Southern Appalachian Purple Pitcher Plant (Sarracenia purpurea var montana)
There are less than 2 dozen populations of Southern Appalachian Purple Pitcher Plant in the Blue Ridge Mountains. They are known to occur in mountain and seepage bogs of western North Carolina, northwestern South Carolina, and northeastern Georgia. Threats include shade from tree canopy closure, hydrological changes caused by drainage, lack of fire, and even habitat loss.
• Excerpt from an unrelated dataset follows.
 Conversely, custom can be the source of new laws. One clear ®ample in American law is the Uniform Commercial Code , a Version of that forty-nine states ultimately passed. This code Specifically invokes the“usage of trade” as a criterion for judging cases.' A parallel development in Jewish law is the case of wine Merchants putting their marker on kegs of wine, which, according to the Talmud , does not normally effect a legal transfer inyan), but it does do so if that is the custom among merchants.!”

This extraordinary plant is also threatened by poaching by collectors.
There are about 89 different species of Sphagnum Moss in North America. Sphagnum grows in dense, low mats primarily within acidic and nutrient-poor bogs. It can hold up to 26 times more water than its dry weight. This large amount of water retained by the moss is slowly released over time, helping to maintain the hydrology of a bog. Even in periods of serious drought, the soils under sphagnum mats are cool and moist; and water is made available to the surrounding plants and animals.
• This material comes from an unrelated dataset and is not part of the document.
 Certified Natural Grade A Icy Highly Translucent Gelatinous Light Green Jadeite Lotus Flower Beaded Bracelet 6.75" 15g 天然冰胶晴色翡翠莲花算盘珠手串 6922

The four-toed salamander is one of many species that depend on sphagnum for survival. Although a difficult salamander to locate, females can be found guarding their eggs near water with abundant moss. Adults grow up to four inches long and during reproduction, females will utilize sphagnum for protection and nesting. Adults feed on spiders, worms, ticks, ground beetles, and other insects. Its natural predators include raccoons, opossums, and even birds. The four-toed salamander is listed as a species of Special Concern in North Carolina.
Mountain Sweet Pitcher Plant (Sarracenia jonesii)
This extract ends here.